Where's the AI in Cisco Spark Assistant?

Where's the AI in Cisco Spark Assistant? Under the covers, there is a lot of AI in play to make Cisco Spark Assistant for meetings work.

Under the covers, there is a lot of AI in play to make Cisco Spark Assistant for meetings work.

As covered elsewhere on No Jitter, Cisco today introduced Cisco Spark Assistant, an AI-powered assistant aimed sharply at improving the efficiency of meetings. Rowan Trollope, SVP & GM of IoT and Applications at Cisco, and his team are on a relentless pursuit to make the meeting room experience so easy and convenient that the technology simply disappears, allowing participants to focus on the content of their meeting. Today's Spark Assistant announcement is another in a long line of innovations Cisco is bringing to the meeting experience, and to our industry overall.

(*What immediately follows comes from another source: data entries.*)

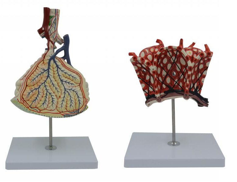 ■ 功能:模型由肺小葉放大模型和肺泡放大模型兩個(gè)模型組成。肺小葉放大模型顯示終末細(xì)支氣管、呼吸性細(xì)支氣管、肺泡上皮等結(jié)構(gòu)。肺泡放大模型顯示肺泡、肺泡上皮、肺泡囊、肺泡管、肺泡毛細(xì)血管等結(jié)構(gòu);
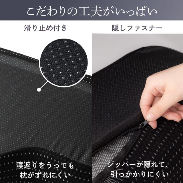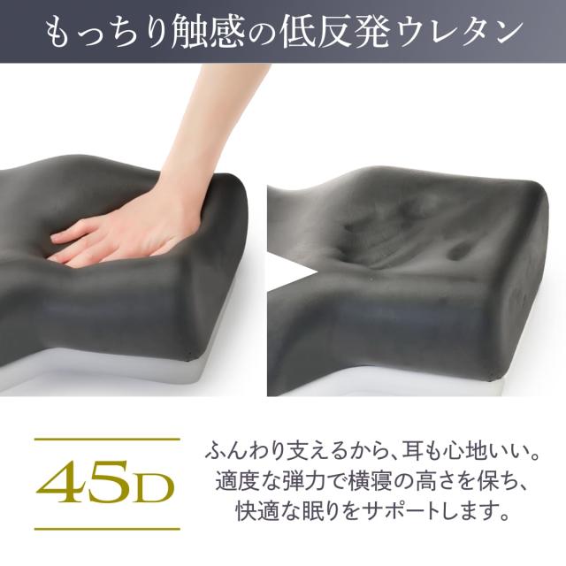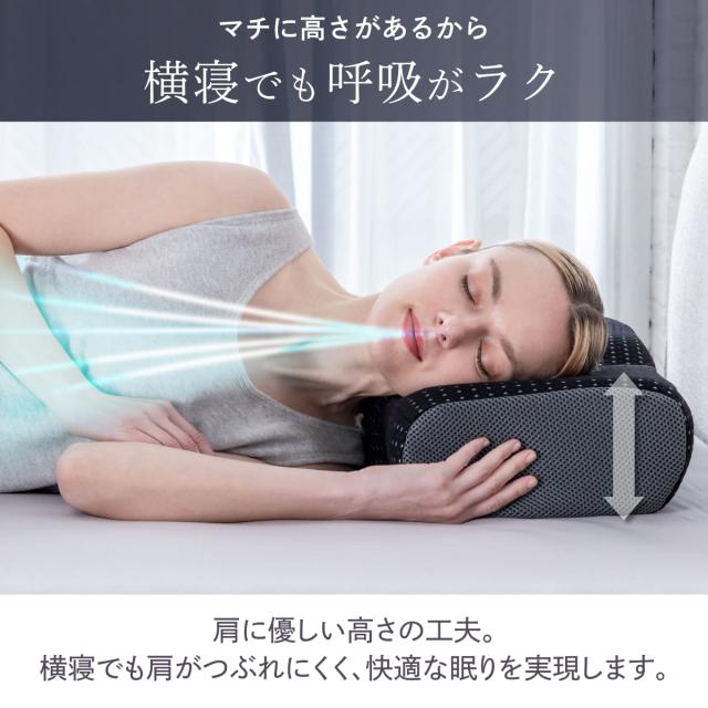 寝返りをしても横幅60cmの広さが頭を支え続け、もっちりとした低反発の感触が肩や首をしっかり支えるため、横向きの寝姿勢でも朝まで快適な眠りをサポートします。
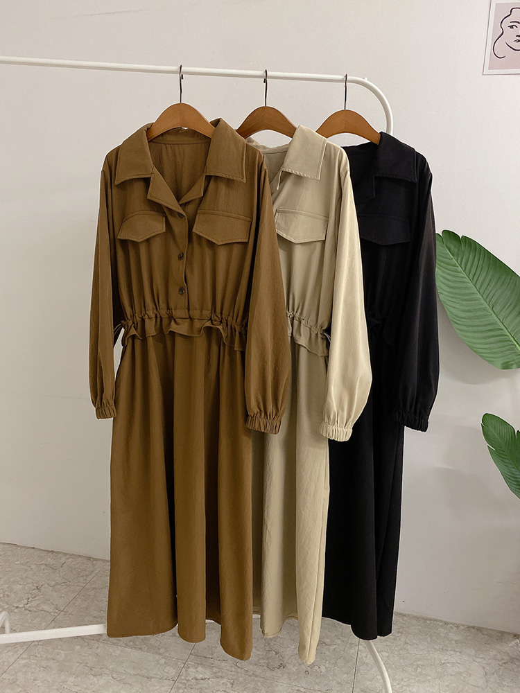 웬츠 스트링 페이크 포켓 카라 롱 원피스(3color)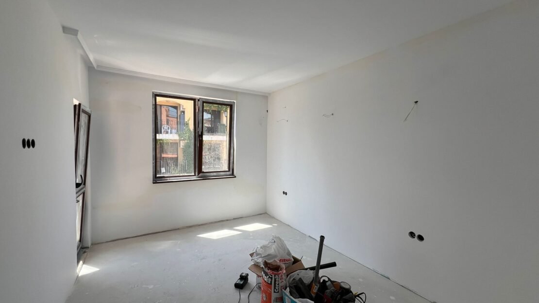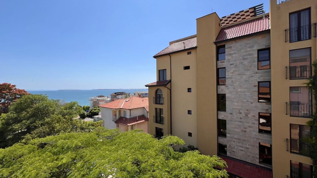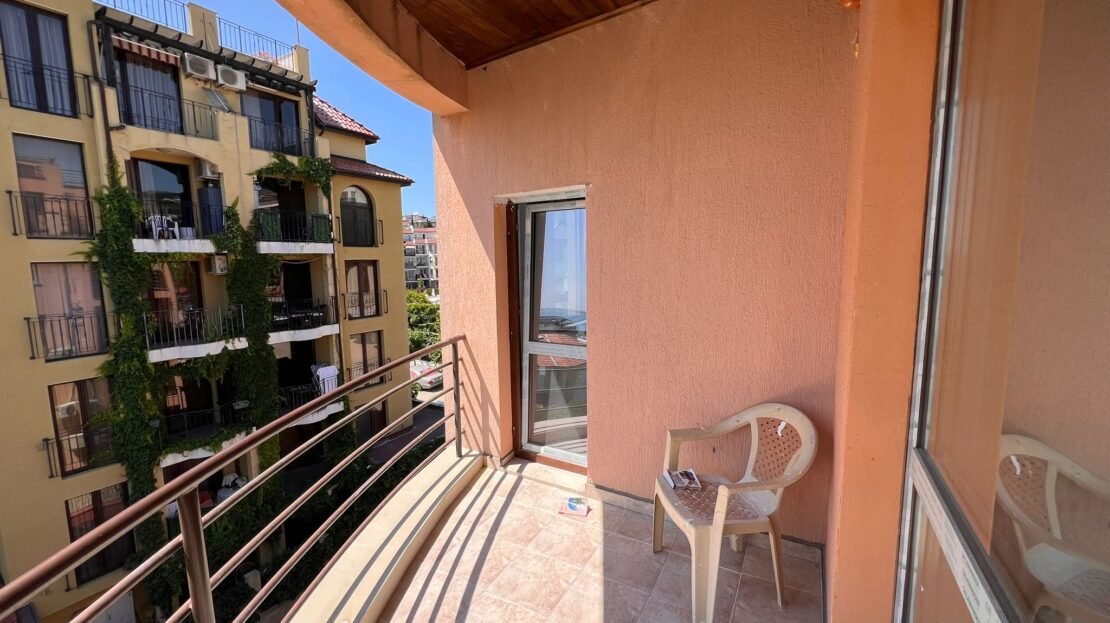 The apartment with an area of 92 sq.M. it is located on a high ground floor in a residential complex with swimming pool and parking. It is 150 meters away. from the beach of Sveti Vlas and 450 m. from Marina Dinevi yacht port. It consists of an entrance hall, a spacious living room with kitchen, two bedrooms, two bathrooms and a large terrace overlooking the courtyard and the pool. For sale fully furnished and equipped, including air conditioning in all rooms and laundry.

Cisco is positioning Spark Assistant as an AI-powered voice assistant; let's decompose how Spark Assistant works so that we can identify where the artificial intelligence actually resides in this product.

At a high level, Spark Assistant can be diagrammed as a series of processes beginning with a user's voice command and ending with the assistant performing an action and informing the user of that action.

portable
Figure 1. A block diagram of how Cisco Spark Assistant works


In this five-step process, there are three areas where Cisco has invoked the use of artificial intelligence: speech-to-text, natural language processing, and text-to-speech. Because speech to text and natural language processing are CPU intensive, these functions are performed by processors up in the Spark cloud and not on the Spark Room endpoint.

Speech to Text
As a user is speaking, an analog to digital converter in the newly announced Spark Room 70 (see "Hey Spark, How Is Cisco Partner Summit?"), samples the soundwave at 44 kHz, and each measurement is assigned a number that reflects the amplitude of the soundwave at a given point in the utterance.

portable


This digital string of numbers is then sent to the Cisco Spark cloud, where additional filtering and normalization occurs. It is after this step that the artificial intelligence begins.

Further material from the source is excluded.